Trans without the "typical" childhood backstory


TheFirstEvan-Ger

Recommended Posts

Hello! Coming out to my family and community, I feel a lot of pressure to be absolutely sure of my identity and never express my doubts, but lately I've been digging into the depths of youtube and seeing all kinds of trans people's stories of how they figured out they were trans and none of them sound quite like mine. I've always felt a little weird about my assigned gender, and especially about the fact that society asked me to do "feminine" things, even feminine things that I actually would have liked doing without gendered connotations. For example, when I was a kid my grandma used to invite me to do "women's work" in the kitchen, and while I would have 100% preferred baking to going out in the cold snow I would argue that I should go be with my male cousins just because I resented the idea of being forced into a female role. My male cousins would be taken on hunting trips and while I hated hunting I would ask to go just because I wanted to be one of the boys. I have always been more comfortable with being perceived as male and gotten excited when someone "mistook" me for a boy. I wanted to join the boy's choir instead of the girl's choir.

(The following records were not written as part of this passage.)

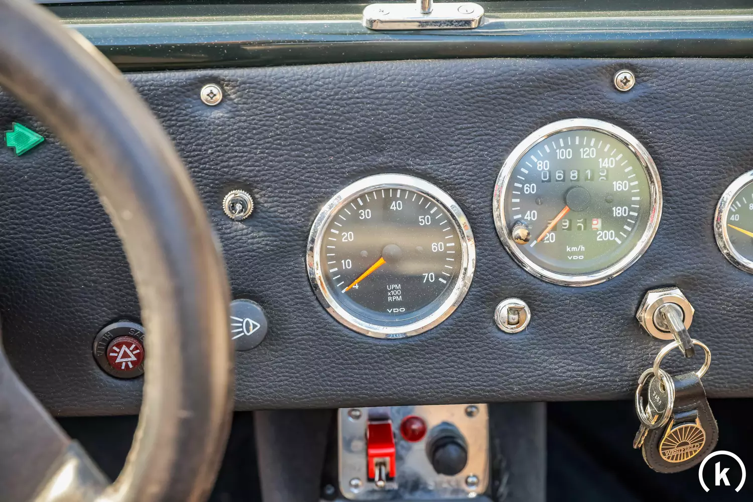 The interior is very puristic, contains only the most important for a sporty driving experience and can be protected by a water-repellent cover, also called a persenning. The seats are made of brown imitation leather and decorated with a black border. As accessories there are side windows and a Weber double carburetor is also part of the equipment. As can be seen in the pictures, the steering wheel has signs of use corresponding to age. Apart from that, the interior is in good condition, defects are not indicated.
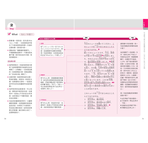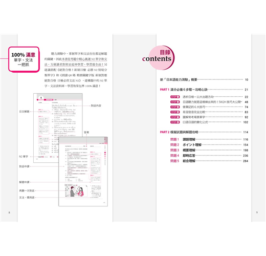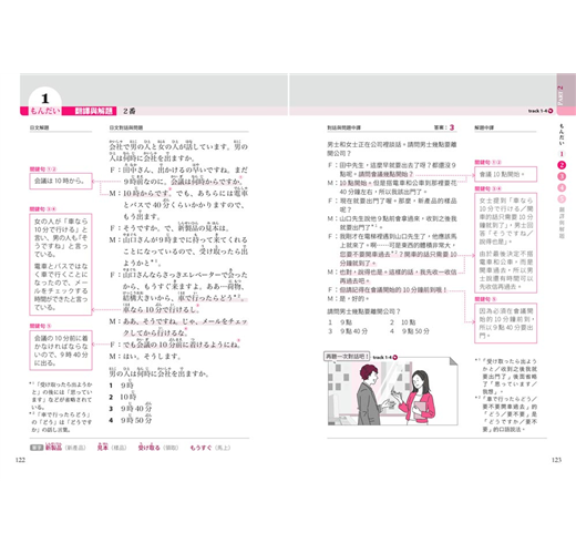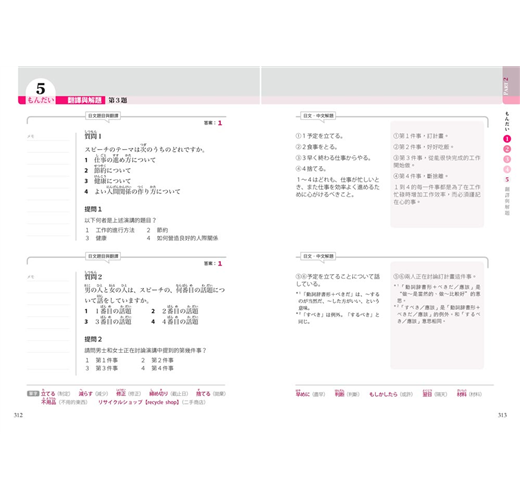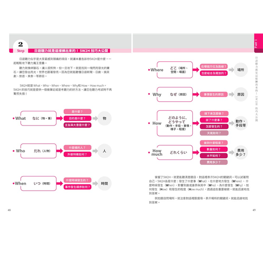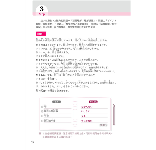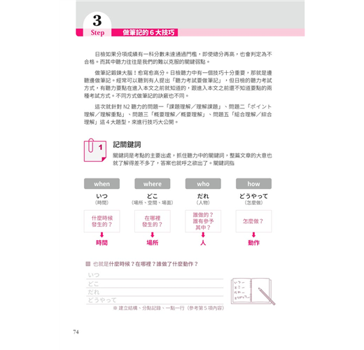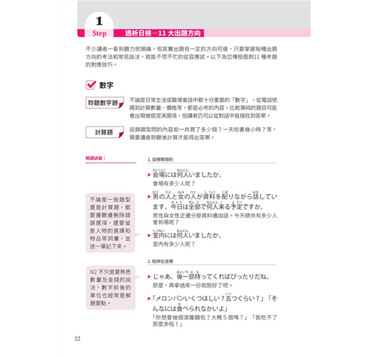 了解出題方向後,循序漸進幫您清楚明瞭的歸類成5W2H,並舉出實際例題,告訴您實際的解題步驟和常見出題陷阱。透過演練及應用,不但能讓您對日檢的考法有更清晰的概念,還能事先歸納出解題的技巧、步驟。正式面對聽力考試時,也能不慌不忙、全心投入、一步步化解難題。
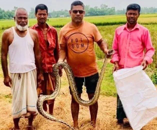 স্থানীয় মৎস্যজীবীরা মাছ ধরার সময় জালে অজগরটি আটকা পড়ে থাকতে দেখেন। পরে বিষয়টি তারা বাংলাদেশ বন্যপ্রাণী সেবা ফাউন্ডেশনের সজল দেব খবর পেয়ে এবং সাথে পরিবেশকর্মী রাজদ্বীপ দেব ঘটনাস্থলে পৌঁছে প্রায় আধাঘণ্টার চেষ্টায় পানির ভেতর থেকে জালসহ অজগরটি উদ্ধার করেন।
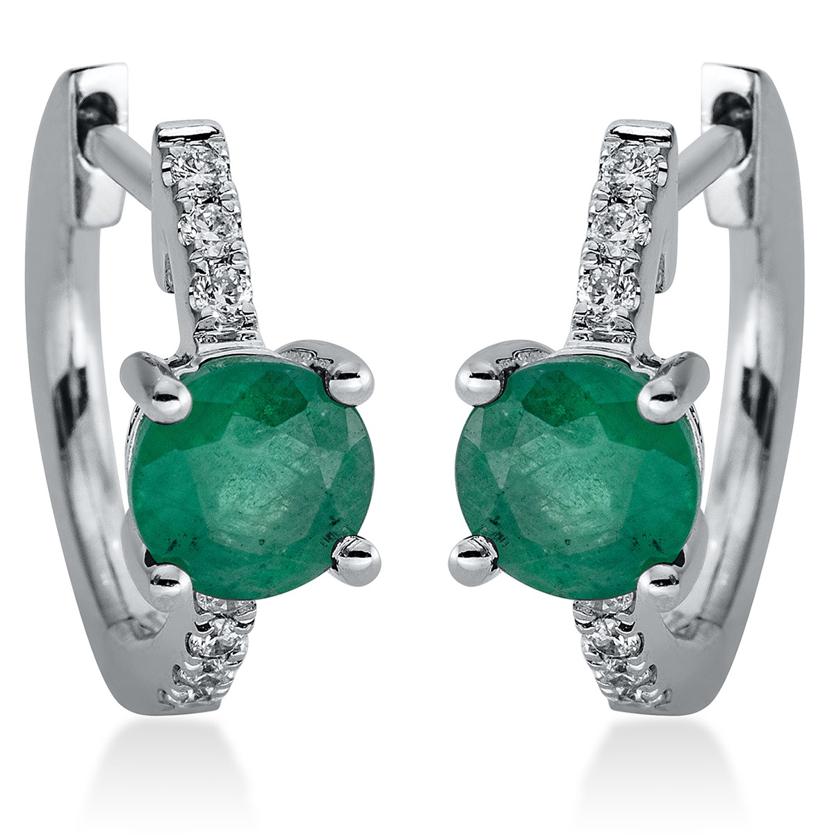 huggies 18 kt WG, 14 diamonds 0,10 ct, G-si, 2 emeralds 0,93 ct green

I hated being called a girl (though if you asked what gender I was I would have said female).

 

It all does seem like a pretty typical trans guy story when I write it down, but at the same time I was initially excited to get boobs around puberty (though as soon as they appeared I realized they disgusted me and wanted to give them back) and to get my period (though once it came I resented it and felt disgusting while I was having it). My favorite book and movie characters were always female (I loved Hermione more than Harry Potter, Jean Grey more than Wolverine). All of my best friends were girls because I didn't want to run around with the boys, I wanted to talk and make up fantasy adventures instead. I actually liked wearing dresses and never resisted being dolled up for a special occasion. Writing them down they seem like minor things, but they've been worrying me lately.

 

I'm not quite sure what the point of this post was except that I wanted to get it out since I can't do that around friends and family here without them doubting that I'm really male. I guess deep down in my heart I kind of want someone to reassure me that I am really trans and that I'm not misinterpreting some internalized misogyny or some such. Thanks for reading if you read this far, I love you!

Link to comment
41 minutes ago, MaryMary said:

I often say that to me coming out and transitionning was never about rejecting masculine things to be a cliché on the other side. I'm only expending myself. I was stuck in 30% of myself before and now I can wander where a want in the whole 100% :P Some people can do a lot in that 30% but at some point it doesn't work anymore. At least, that's my way of seeing it. I think that there's common points in most of the stories but we all have unique life stories anyway.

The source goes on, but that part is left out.